Williams is still capable of producing at an elite level despite the lack of polish, but it could come with volatility. If he comes back improved, USC can be a true top-10 team.


Oklahoma is in a similar boat as USC. With a new staff and a lot of roster turnover, the Sooners have a wide range of possibilities for 2022. Quarterback Dillon Gabriel and his connection with his wide receiver room are going to be big pieces to the puzzle in determining how competitive this team can be in 2021.

Gabriel will be reuniting with Jeff Lebby, who is now Oklahoma’s offensive coordinator and quarterbacks coach after serving in the same role at Ole Miss from 2020 to 2021 and UCF in 2019. 

The transfer quarterback thrived as an underclassman with Josh Heupel as the head coach and Lebby as his offensive coordinator — in 2019 only — prior to missing most of 2021 due to injury. Heupel is widely known for his quarterback-friendly offense that provides simplistic reads for the passer. While the concepts are painless for the quarterback, the offense still needs the signal-caller to consistently take one-on-one vertical shots down the sideline.

Gabriel has fantastic touch downfield, and that trait led to major passing success. He earned 80.3 and 90.4 passing grades as a true freshman and sophomore in 2019 and 2020, respectively. Lebby’s offense won’t ask Gabriel to do too much and will take advantage of the quarterback’s strengths.

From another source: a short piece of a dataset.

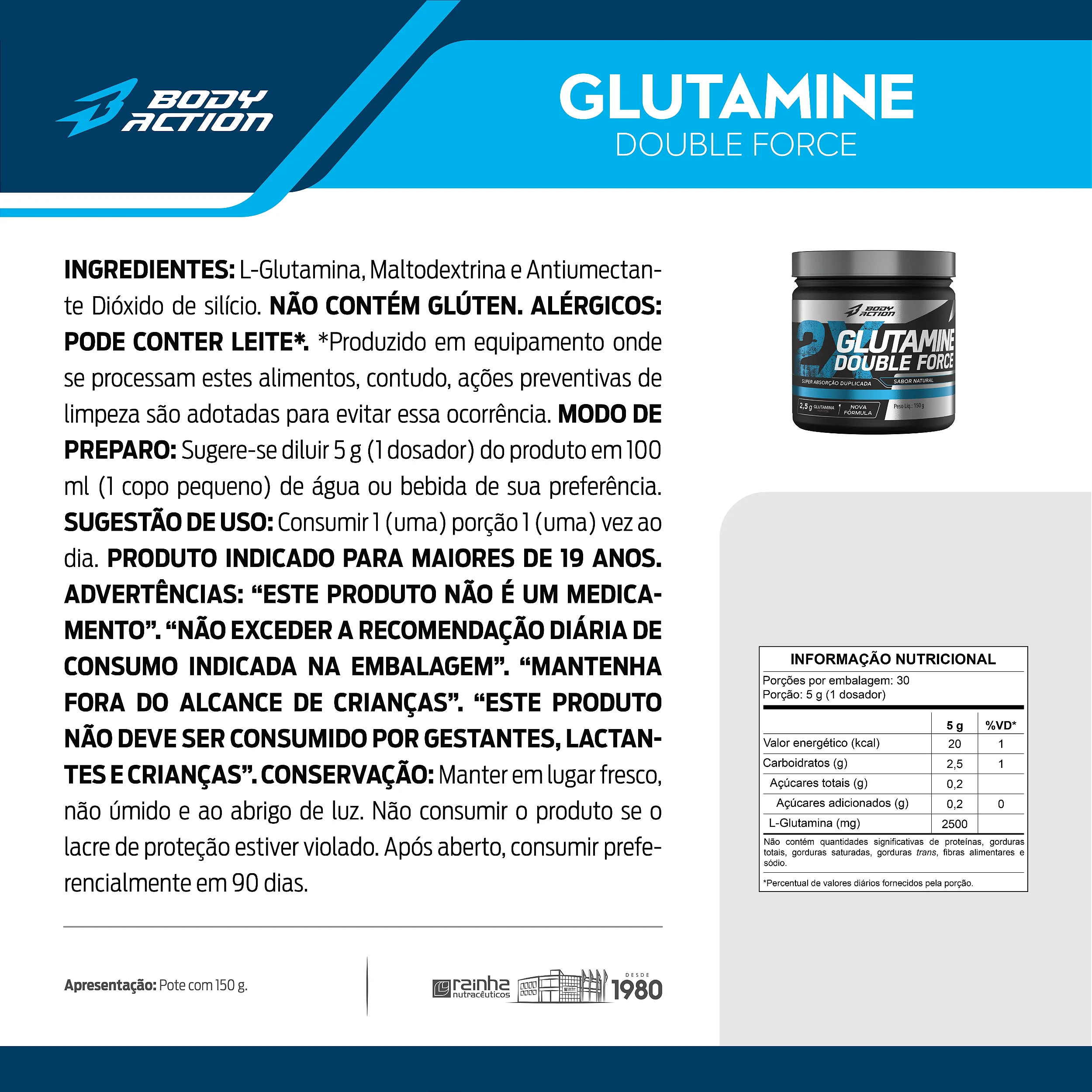 A Glutamina Double Force da Bodyaction é um suplemento alimentar que oferece uma dosagem precisa e eficaz para quem busca recuperação muscular rápida e aumento da resistência. Cada porção contém 2500 mg de L-Glutamina, ingrediente fundamental para a reposição de aminoácidos no organismo após exercícios intensos, ajudando na regeneração muscular e melhor suporte imunológico. Seu preparo é simples, bastando diluir uma colher dosadora em 100 ml de água ou bebida de sua preferência, facilitando a inclusão na rotina diária de suplementação. O produto vem em embalagem prática de 150g com 30 porções, ideal para uso contínuo e acompanhamento do resultado. Além disso, conta com baixo teor calórico, apenas 20 kcal por porção, e reduzido teor de açúcares, proporcionando um suplemento funcional para quem busca saúde e desempenho sem comprometer a dieta.

Wide receiver Marvin Mims is expected to carry a large load in the offense. Mims has yet to be a full-time starter, but his skill set and level of production as a true freshman and sophomore were too good to ignore. He owns an 86.5 receiving grade, 19.1 yards per catch, 3.14 yards per route run and a 143.8 passer rating when targeted since 2020. Over that span, Mims has turned 34.4% of his targets into a gain of 15 or more yards, the third-highest rate in the Power Five.


Wake Forest is once again going to have a strong passing offense in 2022. The Demon Deacons ranked fourth in the Power Five in passing efficiency for 2021, and the man that led them there — quarterback Sam Hartman — is back for 2022. He ran the Demon Deacons' patented long-mesh run-pass option (RPO) offense to big-time success. Because college football's illegal man downfield rules are more generous than in the NFL, RPOs can be longer developing and attack downfield. Hartman and the offense had a multitude of those plays built into their offense, which helped him to an FBS-leading 20 deep passing touchdowns — eight of which came from an RPO. Overall, Hartman earned an elite 91.8 PFF grade for the season. 

While he did lose wide receiver Jaquarii Roberson, Hartman and Co. do have a strong receiving corps that features A.T. Perry, Ke’Shawn Williams and Taylor Morin. Perry, in particular, was actually the third-highest-graded player at the position in the ACC last season.